WORK ITEM: Exactly the lines from the one containing "本体は中央部からコンパクトに" through the one containing "Milwaukee Bucks Splatter Graphics Clogs" in the listing below are to be copied, with the pictures left out.

== AVAILABLE DATA ==

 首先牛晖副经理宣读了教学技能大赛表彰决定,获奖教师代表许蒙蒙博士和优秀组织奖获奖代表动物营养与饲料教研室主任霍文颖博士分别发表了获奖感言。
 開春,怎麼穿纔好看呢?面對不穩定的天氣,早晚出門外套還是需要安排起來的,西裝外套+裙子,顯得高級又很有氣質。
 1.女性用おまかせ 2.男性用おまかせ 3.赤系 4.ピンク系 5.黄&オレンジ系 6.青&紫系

===
== AVAILABLE DATA ==

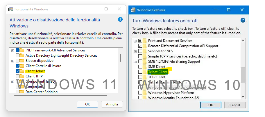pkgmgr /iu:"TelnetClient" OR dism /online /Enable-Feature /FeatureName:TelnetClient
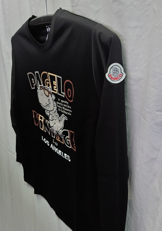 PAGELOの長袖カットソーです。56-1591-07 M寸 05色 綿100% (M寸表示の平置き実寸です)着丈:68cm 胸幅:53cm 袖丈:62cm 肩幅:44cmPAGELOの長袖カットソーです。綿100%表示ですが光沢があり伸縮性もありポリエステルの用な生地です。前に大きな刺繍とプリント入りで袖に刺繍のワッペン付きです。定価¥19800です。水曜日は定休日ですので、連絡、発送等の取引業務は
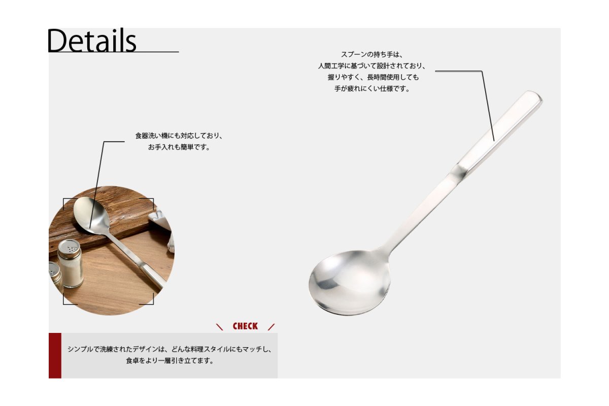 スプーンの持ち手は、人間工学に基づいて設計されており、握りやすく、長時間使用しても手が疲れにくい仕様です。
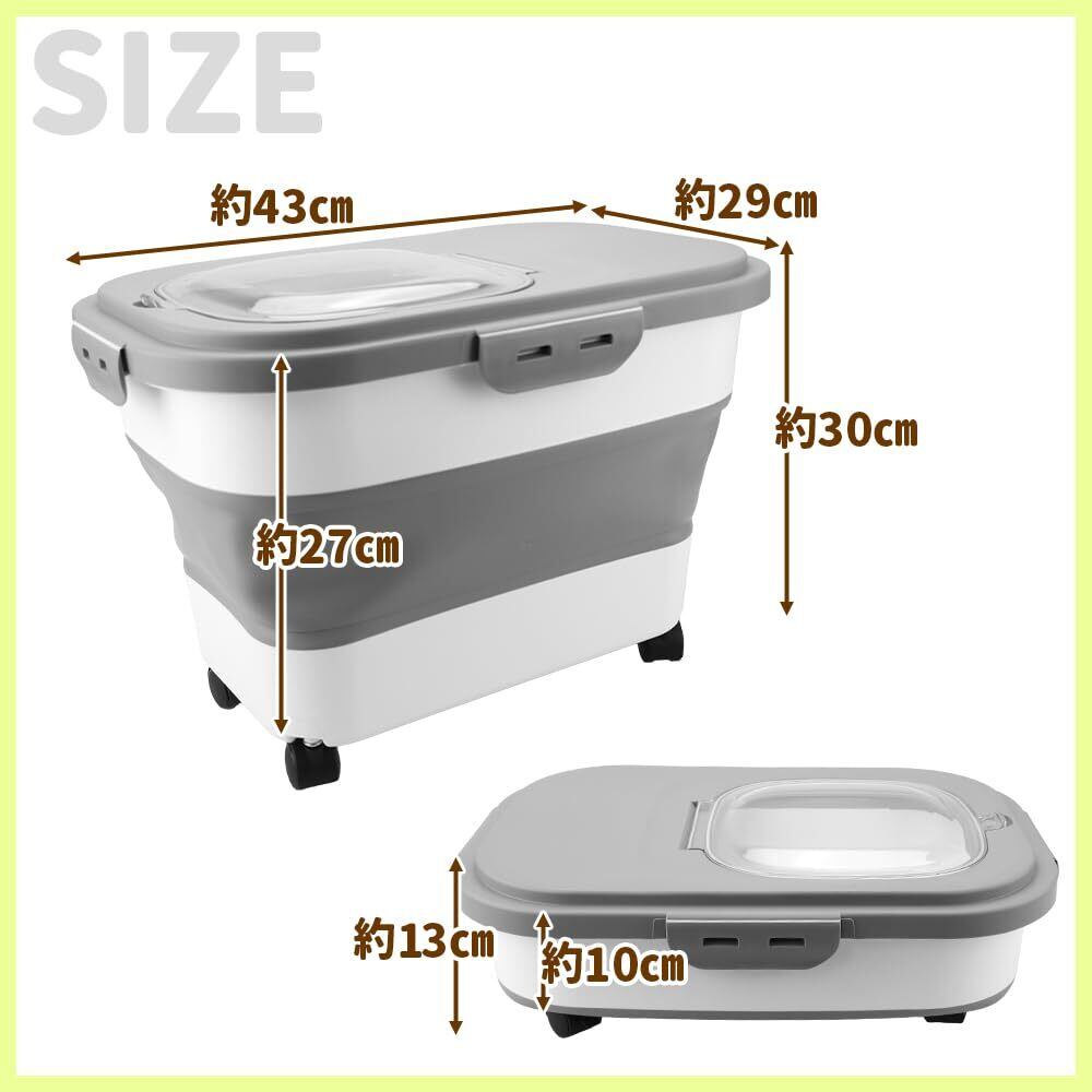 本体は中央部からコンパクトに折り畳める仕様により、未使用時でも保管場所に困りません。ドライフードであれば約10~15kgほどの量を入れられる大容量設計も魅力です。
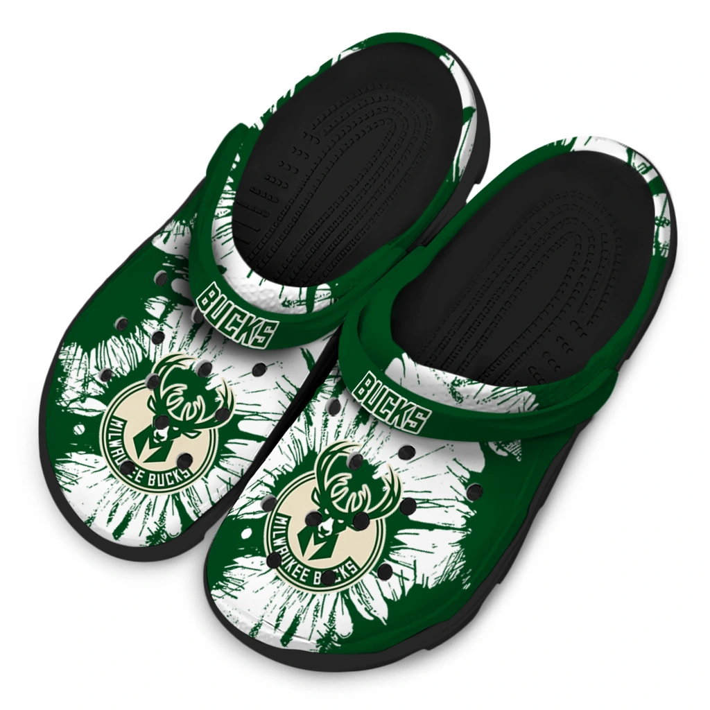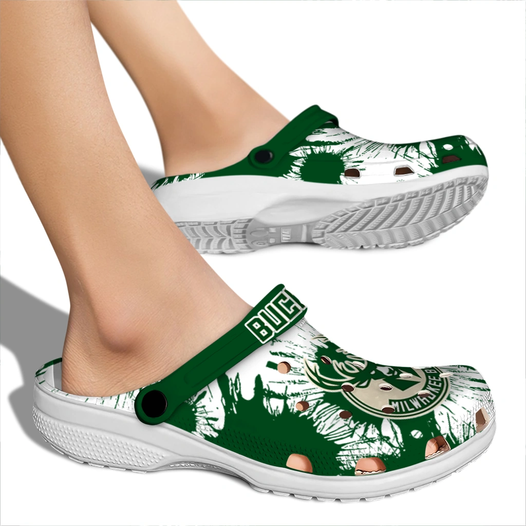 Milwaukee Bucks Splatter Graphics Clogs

===
== AVAILABLE DATA ==

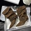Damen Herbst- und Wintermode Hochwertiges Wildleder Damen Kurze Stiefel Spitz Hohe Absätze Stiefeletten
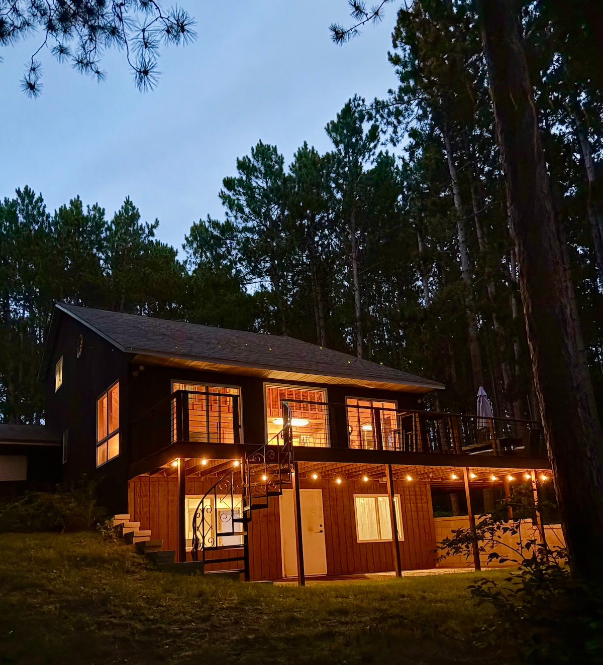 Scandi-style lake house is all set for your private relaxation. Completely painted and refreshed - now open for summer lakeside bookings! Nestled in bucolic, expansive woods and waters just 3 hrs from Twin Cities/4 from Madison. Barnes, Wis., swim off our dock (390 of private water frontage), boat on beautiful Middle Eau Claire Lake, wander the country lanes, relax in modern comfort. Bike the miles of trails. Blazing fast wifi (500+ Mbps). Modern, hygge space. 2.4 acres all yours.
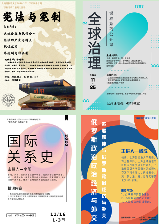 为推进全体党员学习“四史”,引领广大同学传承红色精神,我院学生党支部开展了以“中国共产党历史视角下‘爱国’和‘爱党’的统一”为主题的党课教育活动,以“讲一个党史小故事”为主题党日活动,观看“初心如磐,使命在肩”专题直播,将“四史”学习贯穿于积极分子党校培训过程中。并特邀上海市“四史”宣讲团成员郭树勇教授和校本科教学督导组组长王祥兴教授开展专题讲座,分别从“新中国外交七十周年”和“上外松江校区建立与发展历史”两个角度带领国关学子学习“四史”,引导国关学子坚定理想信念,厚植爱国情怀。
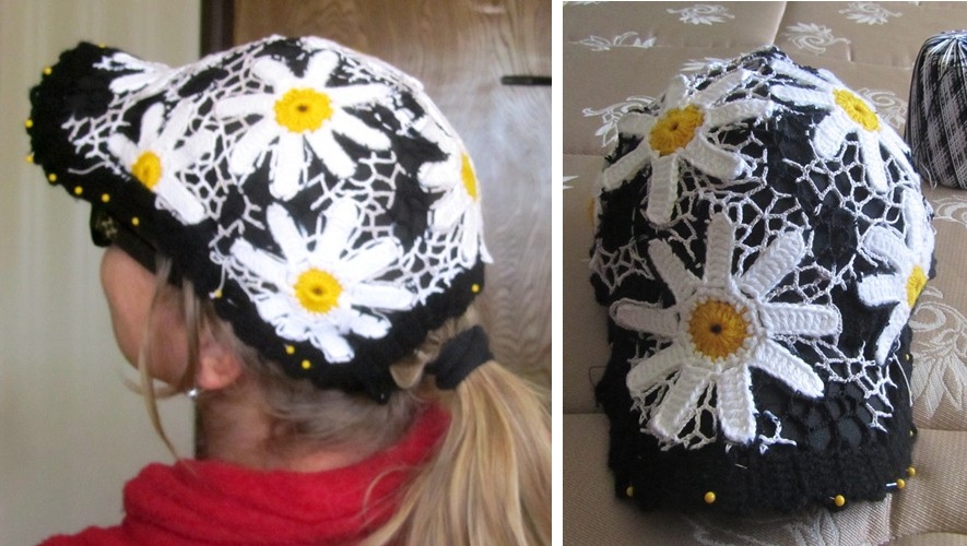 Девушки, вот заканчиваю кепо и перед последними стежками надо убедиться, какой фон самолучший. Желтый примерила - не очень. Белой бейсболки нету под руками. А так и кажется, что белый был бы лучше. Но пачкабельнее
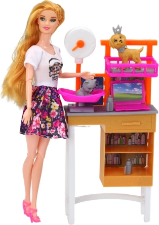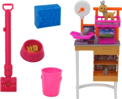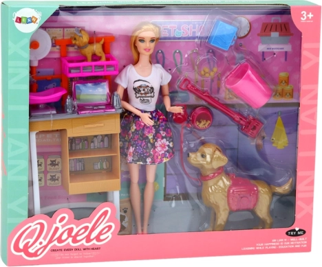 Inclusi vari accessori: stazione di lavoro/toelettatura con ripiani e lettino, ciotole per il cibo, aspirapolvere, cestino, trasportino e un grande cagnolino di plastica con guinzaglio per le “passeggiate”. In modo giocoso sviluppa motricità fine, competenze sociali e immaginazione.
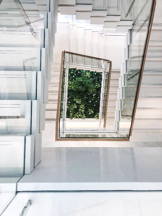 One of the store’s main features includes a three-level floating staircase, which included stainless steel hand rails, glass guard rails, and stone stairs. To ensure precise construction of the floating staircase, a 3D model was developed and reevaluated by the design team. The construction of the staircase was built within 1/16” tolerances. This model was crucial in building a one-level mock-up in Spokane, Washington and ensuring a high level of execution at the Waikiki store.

===

FINAL ANSWER:
 本体は中央部からコンパクトに折り畳める仕様により、未使用時でも保管場所に困りません。ドライフードであれば約10~15kgほどの量を入れられる大容量設計も魅力です。
 Milwaukee Bucks Splatter Graphics Clogs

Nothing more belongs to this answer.